Small Businesses face equal cybersecurity threats as large enterprises. A common myth for small businesses is the idea of security being so obscure that your business is considered too small a target. However, this is not the case.
Attackers can target thousands of small businesses at once as they can increasingly automate attacks. Small businesses are often more targeted as they have less awareness of threats, less time and resources to invest in cybersecurity, and less stringent technological defenses.
However, they are no less lucrative targets at the same time. The smallest of businesses can sometimes have access to large quantities of customer data, deal with huge sums of money, that under GDPR are all obliged to be protected. Small businesses sometimes collaborate with larger companies and hence hackers can utilize them to infiltrate the data of the larger companies.
Small businesses also have much to lose by being hit with a decimating cyber-attack. Based on a recent study, businesses lose $2.5 million with less than 500 employees per attack. It is quite devastating for small businesses to lose this amount of money via cyber breaches. Also, there is the reputational damage that follows through from being damaged by cyber-attacks.
One of the most common cyber-attacks damaging thousands of businesses yearly, Ransomware has recently increased as they are significantly the most lucrative forms of attacks. It involves the encryption of company data so that it can’t be accessed or used and then blackmailing the company to pay a ransom to get the data unlocked again. This leaves businesses with two very difficult choices to make – either pay the ransom and lose huge sums of money or handicap their services with a loss of data.
These types of attacks can largely damage small businesses. In 2018, with an average ransom of $116,000, 71% of ransomware attacks targeted small businesses. Attackers know the fact that smaller businesses are more likely to pay a ransom because they do not back-up their data that often and even to survive they need to be up and running at the earliest. The most affected industry in such attacks is the healthcare sector because locking a patient’s medical records and appointment times can decimate a business to the point that it has no option left but to shut down unless a ransom is paid.
2) Weak Passwords
Employees using weak or easily guessed passwords is another big reason why small businesses face threats. Multiple cloud-based services that need different accounts are utilized by many small businesses. Many sensitive data and financial information are carried by these services. This data can be compromised easily if businesses use easily guessed passwords or the same passwords for multiple accounts.
3) Phishing Attacks
Phishing attacks are the most massive and widespread cyber threats in the way of small businesses. Phishing accounts for over $12 billion for their increase in amount by 65% this year and also accounts for 90% of all the cyber breaches to happen in business losses. Phishing occurs when the attacker masquerades to be a trusted contact and lures the user to click on an infected or malicious link, install a malicious file, or provide them access to confidential information like credentials or account details.
Of late the attackers have become more and more convincing in pretending to be official business contacts. As a result, phishing attacks have grown much more in recent years. Small businesses have also seen a rise in bad actors using phishing campaigns to access business email account passwords from highly professional executives and then utilizing these accounts to request payments from employees.
Something that makes phishing accounts so devastating is that they are tough to combat. Instead of targeting technological weaknesses, they utilize social methods to target humans inside a business.
Managing a strong Email Security Gateway like ‘Mimecast’ or ‘Proofpoint Essentials’ in the right place can prevent phishing emails from being transported to your employees’ inboxes.
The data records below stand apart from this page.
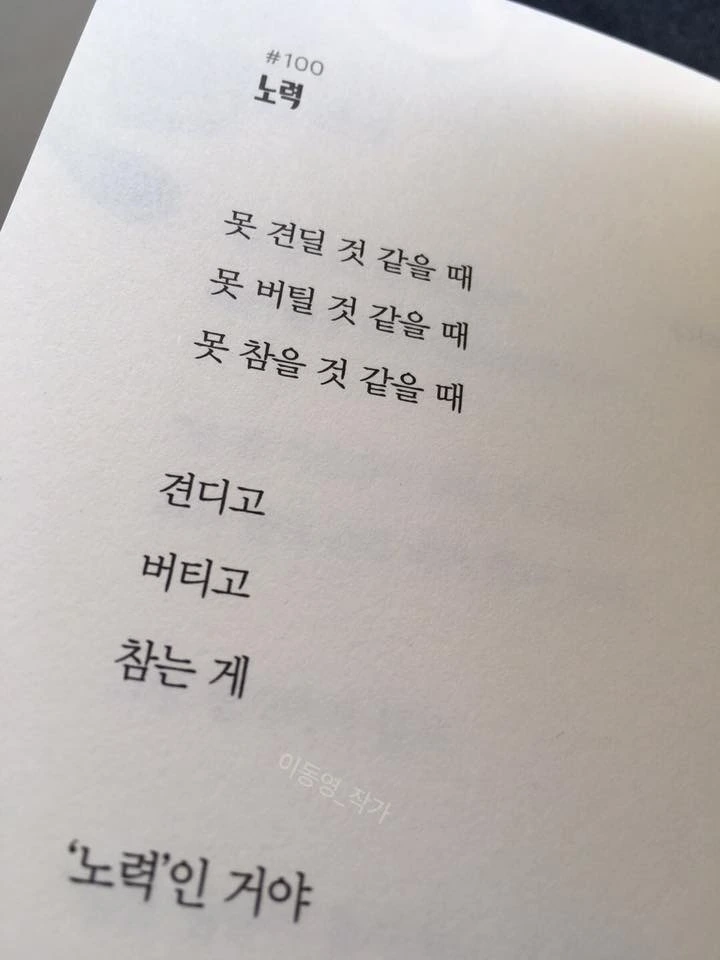 글쓰기 발상노트: 위 글(책 '문장의 위로')은 영화 <믿음의 승부> 중 Keep Going을 외치는 장면을 보고 여운이 남아 쓴 글귀이다. 우리는 '최선'이라는 한계를 너무 빨리 정해버린다. 할 수 없기 전까지는 절대 포기하면 안 된다. 왜? 할 수 있으니까. 계속 하는 것이 힘이다. 꾸준한 사람에게 행운은 깃든다.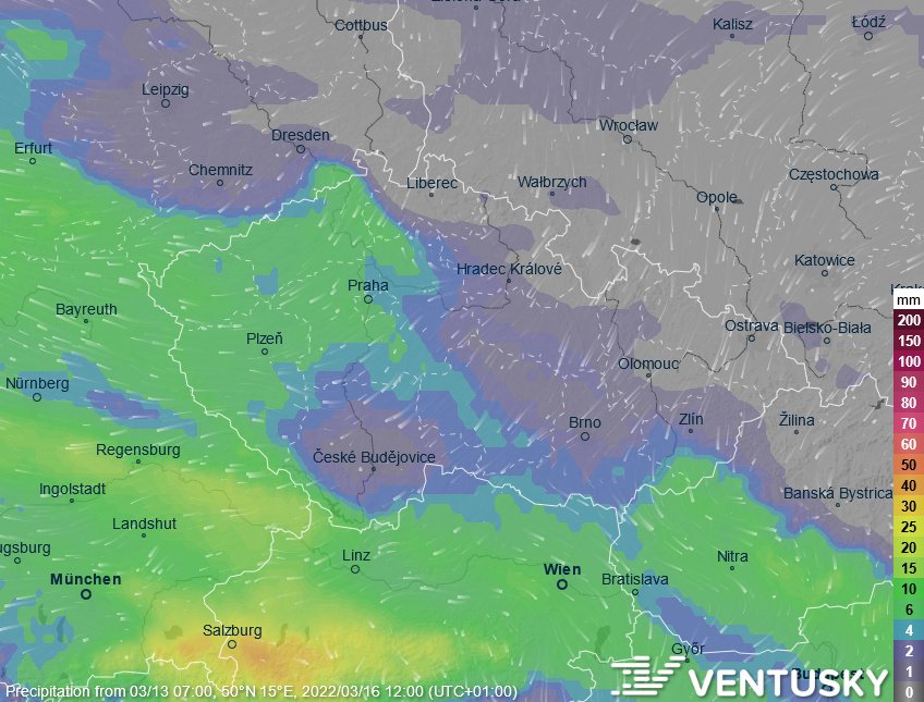 Srážky do středečního rána podle modelu ICON EU - model na zhruba polovině území očekává déšť. Jiné modely ovšem očekávají, že se více srážek dostane i do severovýchodní poloviny našeho území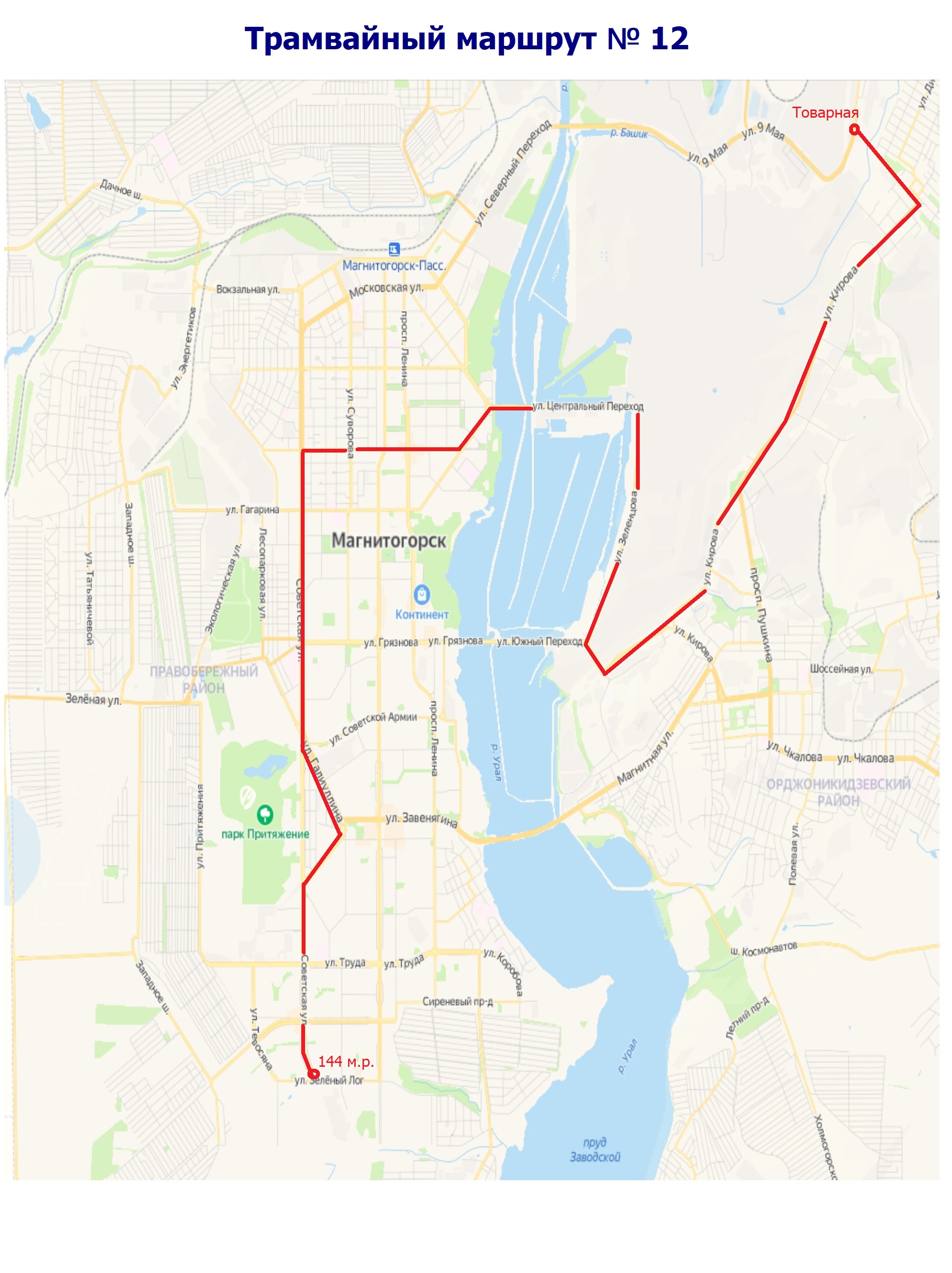 Маршрут № 12 – к/п «Зеленый Лог – улица Советская – улица Ленинградская – Центральный переход – Профсоюзная – Прокатмонтаж – Башик – Товарная» и обратно.

Phishing attacks can also be battled by securing your business through Post-Delivery Protection like IRONSCALES. These solutions allow the users to pinpoint phishing emails and report them to the admins so that they can delete them from all the user inboxes.
4) Malware Attacks
The second biggest threat in the way of small businesses is malware. It includes different cyber threats like Trojans and viruses. This is a malicious code created by hackers that create them to gain access to networks, data, or destroy it on the computers. Malware majorly is found on spam emails, connection with other infected machines or devices, and malicious website downloads.
These attacks are alarmingly damaging to small businesses because they can malfunction your devices that require expensive replacements and repairs to fix. These viruses can also provide access to hackers via a back door that can put the employees and customer’s data at risk. Small businesses will hire majorly those people who can use their own devices for work because it helps to save cost and time. This would, however, increase their chances of being attacked by a hacker as personal devices are more at risk to be attacked from malicious downloads than corporate devices.
5) Insider Threats
The insider threat is the final major threat that small businesses face. It is an organizational risk caused by employees’, business contractors’, former employees’ or associates’ actions. The actions caused by them could be simply through carelessness and ignorance that can cause harmful effects through greed and malice. According to a Verizon report in 2017, 25% of breaches in 2017 were the result of insider threats.
There are multiple leagues of threats facing small businesses currently. The best way to fight and protect their sensitive data and other information against these threats is to deploy a perfect stack of security tools in place, and impart Security Awareness Training to help users be aware of security threats and ways to combat them.